Some instruments support an improved download experience that ensures the local system is fully up to date compared to the data source. The command,

dmsp.download_updated_files()

will obtain the full set of files present on the server and compare the version, revision, and cycle numbers for the server files with those on the local system. Any files missing or out of date on the local system are downloaded from the server. This command downloads, as needed, the entire dataset.

Note

Science data servers may not have the same reliability and bandwidth as commercial providers

Load Data

Data is loaded into a pysat.Instrument object, in this case dmsp, using the .load method using year, day of year; date; or filename.

# Load by year, day of year
dmsp.load(2001, 1)

# Load by date
dmsp.load(date=start)

# Load by filename from string
dmsp.load(fname='dms_ut_20010101_12.002.hdf5')

When the pysat load routine runs it stores the instrument data into:

# Instrument data
dmsp.data

This configuration provides full access to the underlying data library functionality. For additional details on loading a range of dates as well as support for both pandas and xarray as the underlying data structure, see Data Loading.

Data Access

After loading data, the next thing you probably want to do is use it! pysat supports standard pandas or xarray access through the pysat.data object, but also provides convenient access to the data at the instrument level that behaves the same whether the data is pandas or xarray.

# Convenient data access
dmsp['ti']

# Slicing data by indices
dmsp[0:10, 'ti']

# Slicing by date and time
dmsp[start:stop, 'ti']

# Convenient data assignment
dmsp['ti'] = new_array

# Convenient data broadcasting assignment, sets a single value to all times
dmsp['ti'] = single_value

# Assignment through index slicing
dmsp[0:10, 'ti'] = sub_array

# Assignment through datetime slicing
dmsp[start:stop, 'ti'] = sub_array

Note, np.where may be used to select a subset of data using either the convenient access or standard pandas or xarray selection methods.

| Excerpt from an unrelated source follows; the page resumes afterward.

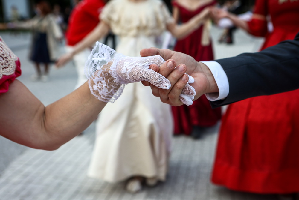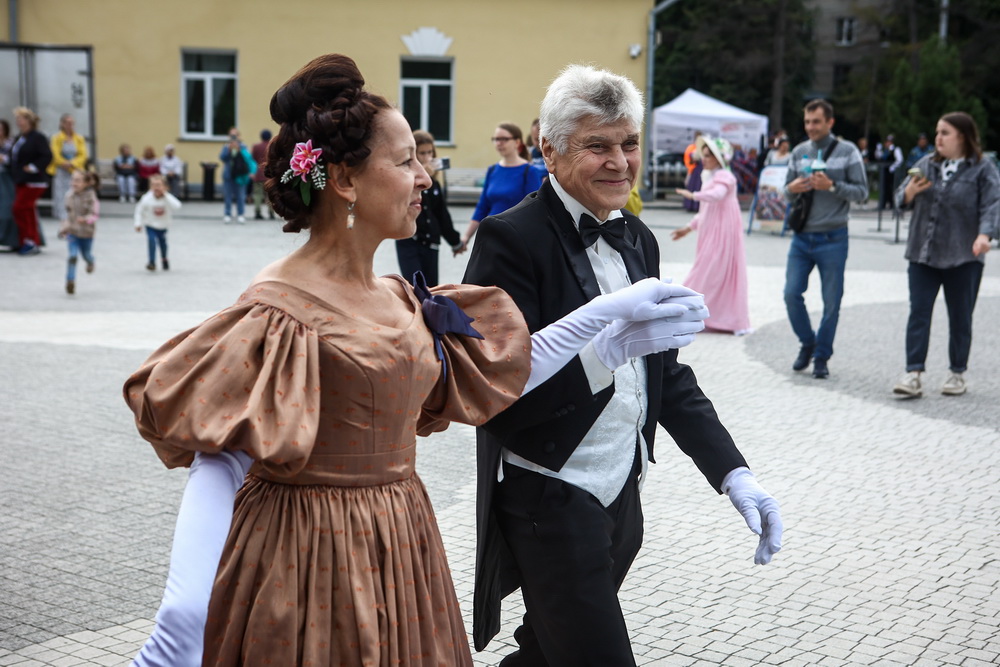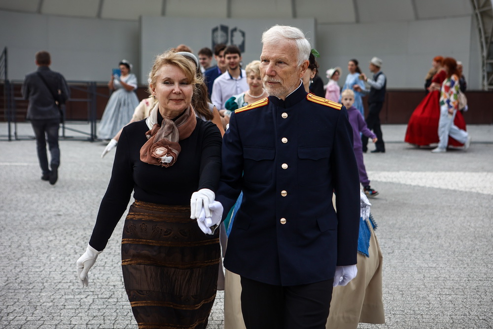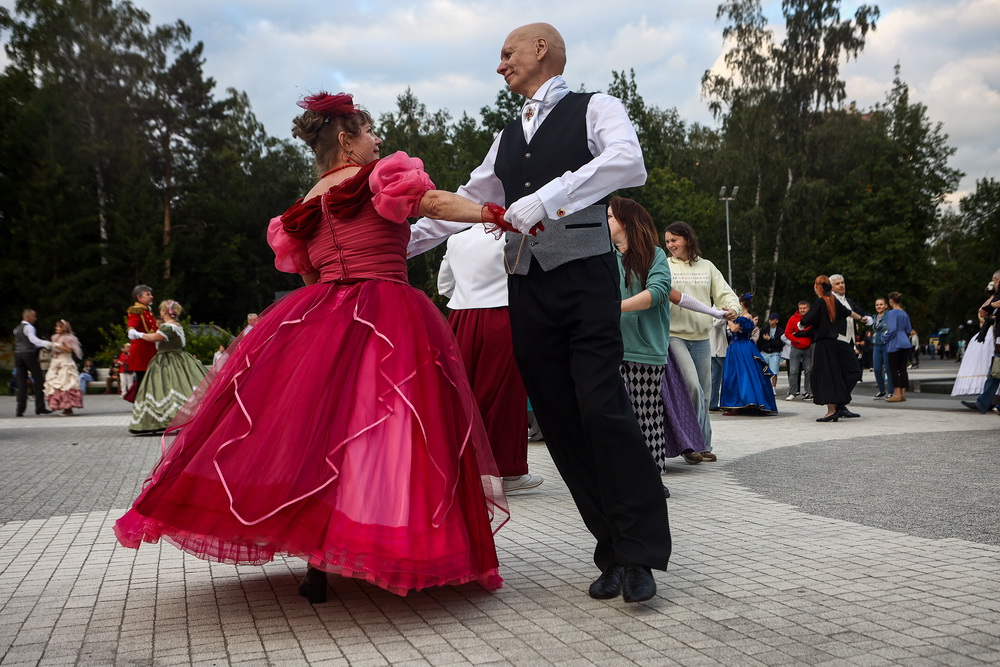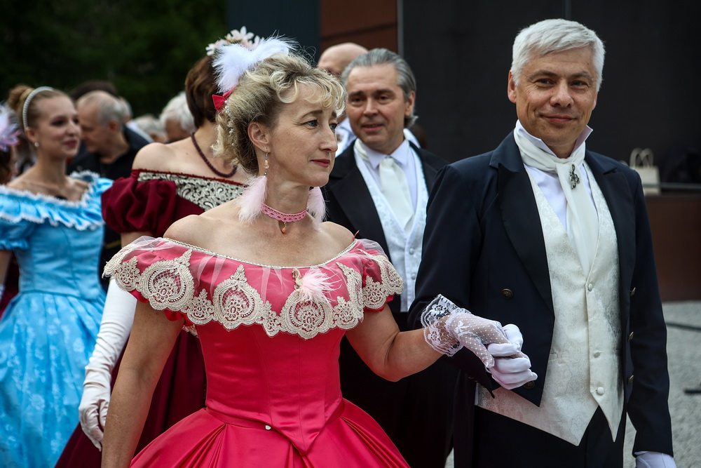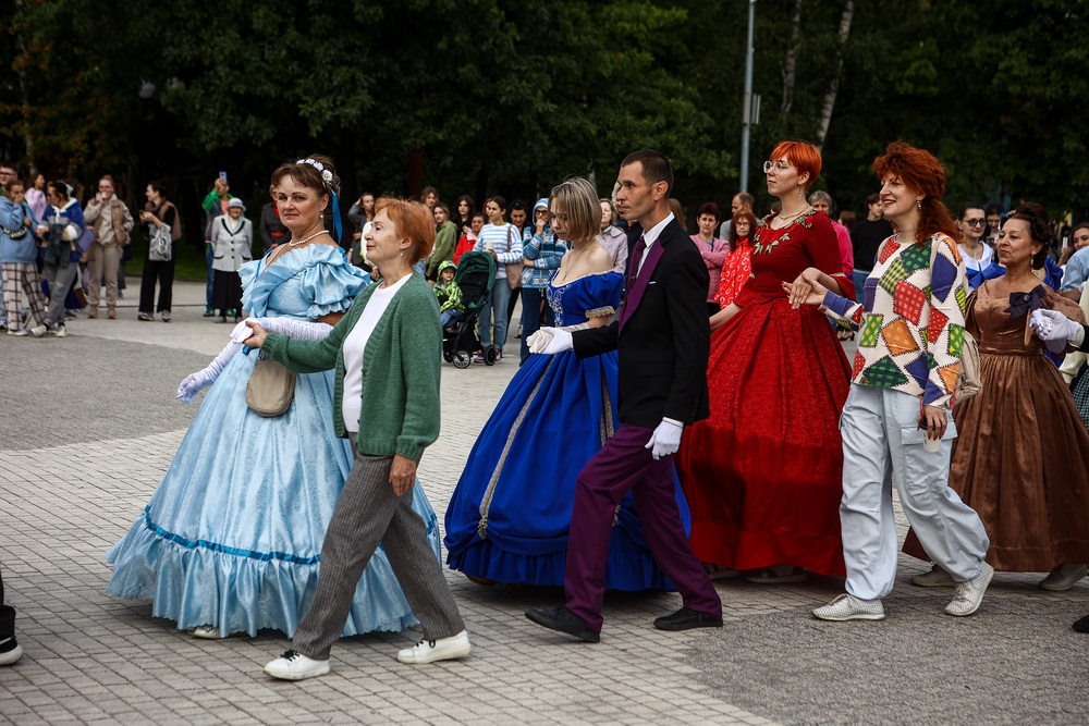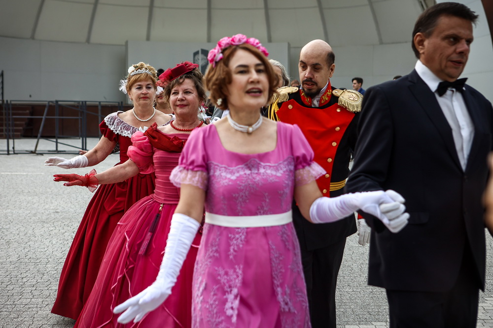 На балу исполнили польку, полонез, испанский вальс. Стать участником танцевального вечера мог любой прохожий — достаточно было повторять несложные движения за инструктором.

idx, = np.where((dmsp['mlat'] < 5) & (dmsp['mlat'] > -5))
dmsp.data = dmsp[idx]
# Alternatively
dmsp.data = dmsp.data.iloc[idx]

is equivalent to

dmsp.data = vefi[(dmsp['mlat'] < 5) & (dmsp['mlat'] > -5)]

See the Instrument section for more information.

Simple Analysis Example

Here we present an example, following from the simple workflow above, where we plot DMSP ion temperature data over a season. pysat provides a function, pysat.utils.time.create_date_range, that returns an array of dates over a season. This time period does not need to be continuous (e.g., load both the vernal and autumnal equinoxes).

import matplotlib.pyplot as plt
import numpy as np
import pandas as pds

# Create empty series to hold result
mean_ti = pds.Series()

# Get list of dates between start and stop
start = dt.datetime(2001, 1, 1)
stop = dt.datetime(2001, 1, 10)
dmsp.download(start=start, stop=stop, user=username, password=password)
date_array = pysat.utils.time.create_date_range(start, stop)

# Iterate over season, calculate the mean Ion Temperature
for date in date_array:
   # Load data into dmsp.data
   dmsp.load(date=date)
   # Check if data present
   if not dmsp.empty:
       # Isolate data to locations near geomagnetic equator
       idx, = np.where((dmsp['mlat'] < 5) & (dmsp['mlat'] > -5))

       # Downselect data
       dmsp.data = dmsp[idx]

       # Compute mean ion temperature using pandas functions and store
       mean_ti[dmsp.date] = dmsp['ti'].abs().mean(skipna=True)

# Plot the result using pandas functionality for a simple figure
mean_ti.plot(title='Mean Ion Temperature near Magnetic Equator')

# Improve figure using matplotlib tools
plt.ylabel(dmsp.meta['ti', dmsp.meta.labels.name] + ' (' +
           dmsp.meta['ti', dmsp.meta.labels.units] + ')')
plt.xlabel("Universal Time", labelpad=-15)
../_images/basic_demo.png

Metadata

The example aboved used metadata to provide the y-axis label name and units. Metadata is also stored in a Meta object from the main science data. pysat presumes a minimum default set of metadata that may be arbitrarily expanded. The default parameters are driven by the attributes required by public science data files, like those produced by the Ionospheric Connections Explorer (ICON).

Metadata Description
axis Label for plot axes
desc Description of variable
fill Fill value for bad data points
label Label used for plots
name Name of variable, or long_name
notes Notes about variable
max Maximum valid value
min Minimum valid value
scale Axis scale, linear or log
units Variable units
# Display all metadata
dmsp.meta.data

# Display ion temperature metadata
dmsp.meta['ti']

# Retrieve units using standard labels
dmsp.meta['ti'].units

# Retrieve units using general labels
dmsp.meta['ti', dmsp.meta.labels.units]

# Update units for ion temperature
dmsp.meta['ti'] = {dmsp.meta.labels.units: 'Kelvin'}

# Update display name for ion temperature, using LaTeX notation
dmsp.meta['ti'] = {dmsp.meta.labels.name: 'T$_i$'}

# Add new meta data
dmsp.meta['new'] = {dmsp.meta.labels.units: 'unitless',
                    dmsp.meta.labels.name: 'New display name'}

The string values used within metadata to identify the parameters above are all attached to the instrument object through a label assigned by the MetaLabels class. They can be acceess as dmsp.meta.labels.*, or dmsp.units_label, dmsp.min_label, and dmsp.notes_label, etc.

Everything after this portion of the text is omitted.